We all have responses, whether they get put into the boxes of labels of mental health conditions or trauma responses or whether people are allowed to just claim them as human, which my hope is that we can do that more and more, where we then assume that that response is doing harm is where the stigma continues. And, like I say, I understand that this is so complex. And if you read about responses to trauma, for example, and some of those have been part of your experience with abuse and part of some of your experiences in terms of the other person abusing you and what they lived with, it can be really really difficult to not just put them all together.
What I'm trying to do is to say okay we actually as humans, we can understand that we can unravel these things and we can sit with complex information and we can sit with the both and of this, that yes someone can be abusive while having these natural human responses, and for some people there might be really many linked, and for other people they're having these human responses and they don't turn into abusers. And that can be true as well. What I always try to do in my writing and what I will be doing here is to allow us to be in the complexity of all of that, to not label people as one thing instantly because this other person ,because that's how it played out the other person.

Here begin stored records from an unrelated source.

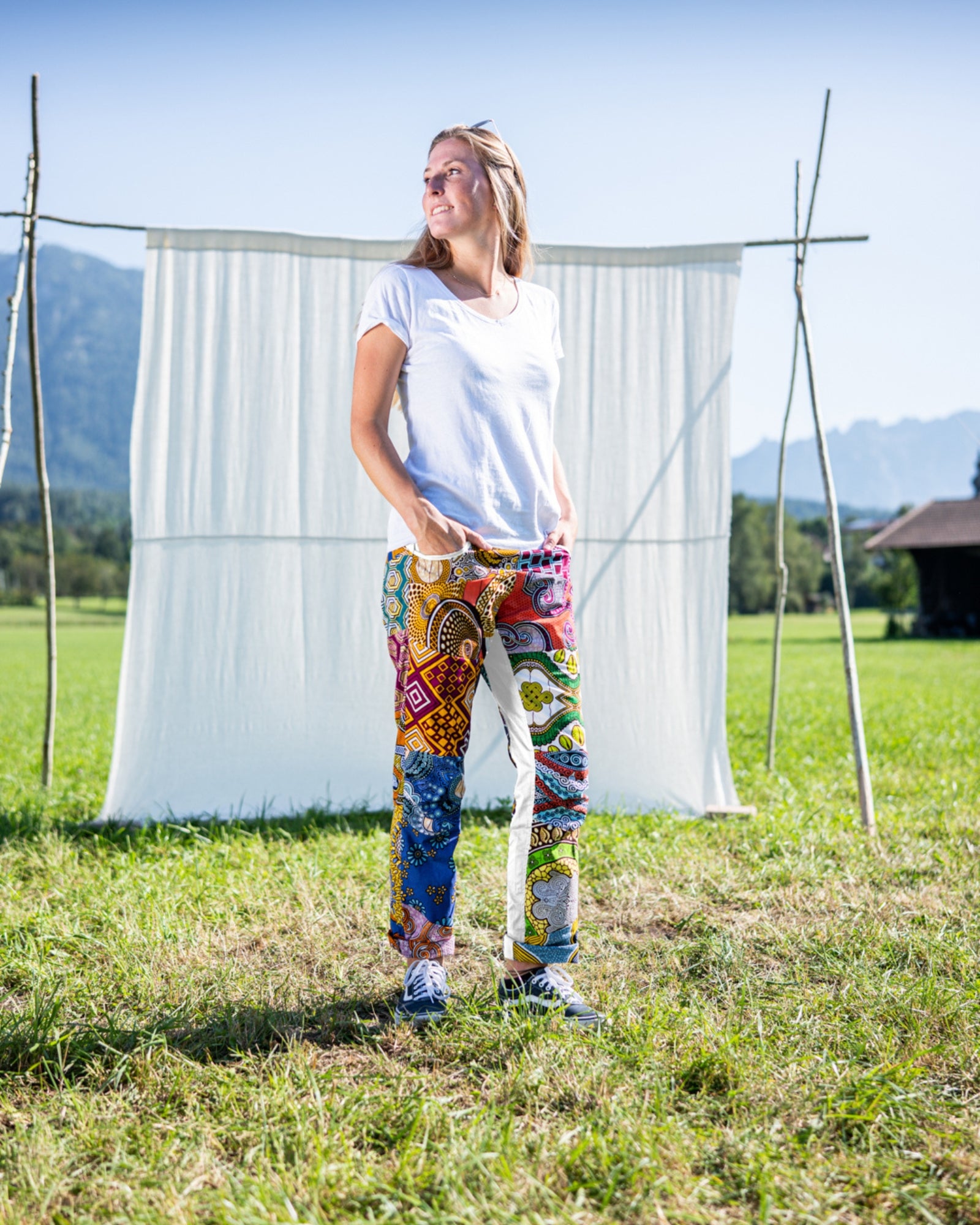 Fair Fashion Organic Summer Trousers: unique patchwork design for a conscious look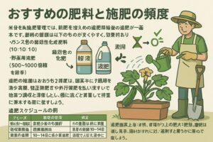 追肥 | 10〜14日ごと少量 | 液肥の希釈倍率厳守 |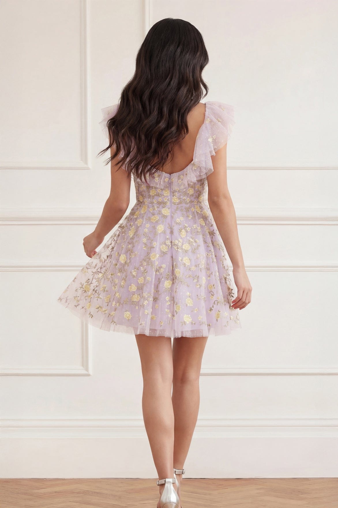 NEW SEASON | NEEDLE & THREAD EXCLUSIVE. The Lea Ditsy Micro Mini Dress in Powder Lilac/Lemon Sorbet. A playful micro mini silhouette adorned with romantic ditsy florals inspired by painted English gardens. Designed for statement dressing, this style offers a light, feminine feel with a modern edge.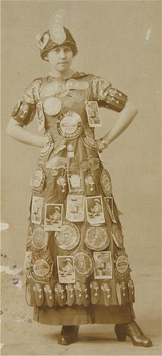 Mrs. G.M. Bowen (Waterloo, Iowa), 1890 (ca), Banner lady for Popcorn Commission Budd Park, Cabinet card, New York Historical Society, Subject File, PR068,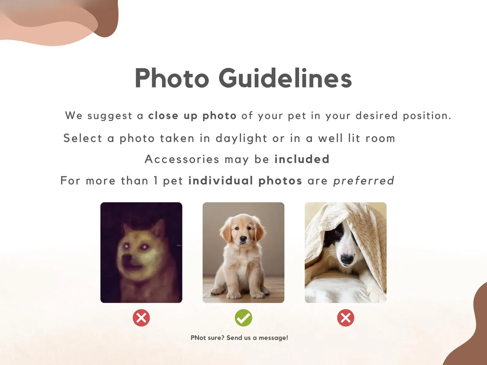 Upload a clear, high-quality photo of your dog face forward, good lighting for best results.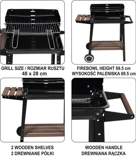 Lauko kepsninė / grilis | medinė lentyna | grotelės 48X28 cm (99585)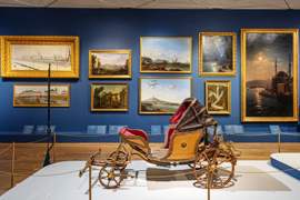 Одна из крупнейших в России коллекций придворных экипажей находится в «Царском Селе». Впервые в Москву для участия в выставке будут отправлены детские коляска и беговые сани, а также сани для взрослых, украшенные золочением и обитые парчой. Спец. раздел выставки посвящен русским военным мундирам, представленным в музейном собрании во всем многообразии. Наряду с мундирами императоров и вел. князей в коллекции хранятся детские мундиры царственных наследников и дамское мундирное платье императриц и вел. княжон. Одно из них – шефское мундирное платье Екатерины II по форме Лейб-гвардии Семеновского полка, выполненное из бархата с отделкой из золоченого галуна, вошло в состав выставки.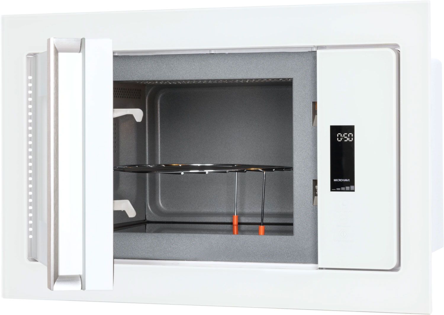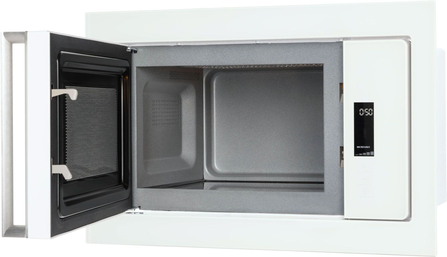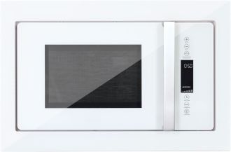 - Стильная и компактная встройка — фасад из белого стекла и оптимальные габариты для интеграции в кухонный гарнитур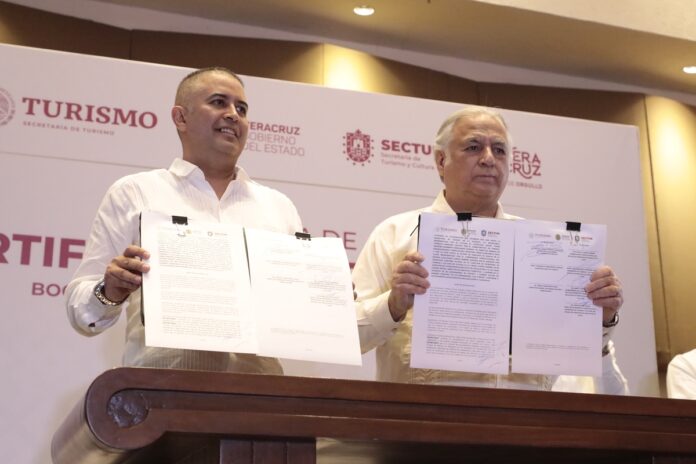 Boca del Río, Ver.- Como impulso a la competitividad y excelencia del sector, los titulares de las secretarías de Turismo de México y de Veracruz, Miguel Torruco Marqués e Iván Martínez Olvera, entregaron 300 incentivos y certificados del Gobierno Federal a empresas veracruzanas destacadas en innovación, sustentabilidad y servicios o productos alineados con estándares de calidad.

We are all complex beings and we get to be in the nuance of our experiences. And if those experiences do the lead to abuse, that isn't okay. It's not okay. And I will say it again and again, I've said it so many times now .It isn't okay that you were abused. It isn't okay if you are abusing other people.
And if you're not abusing other people and you're having natural human responses to trauma, you don't have to assume that those responses are abusive. We get to be accountable and we get toex amine our behaviors and we should. And let's take the stigma away. Let's take the stigma away before we start the conversation and if it turns out that actually the stigma was correct in one case, well okay it was correct in one case, but it wasn't in every case. Where I want us... Bringing a post like I did in the last post isn't to make abuse okay. It's not to normalize abuse. It really was there to say, it wasn't actually talking about where those behaviors factor in to abuse, it was talking about the initial response in and of itself before that actually impacts anybody else. I'm saying this is a natural human response. What we do with that response, again complex, and can legato so many different outcomes. But the response you're having is human. And then you get to be human and you get to be accountable for what happens with that.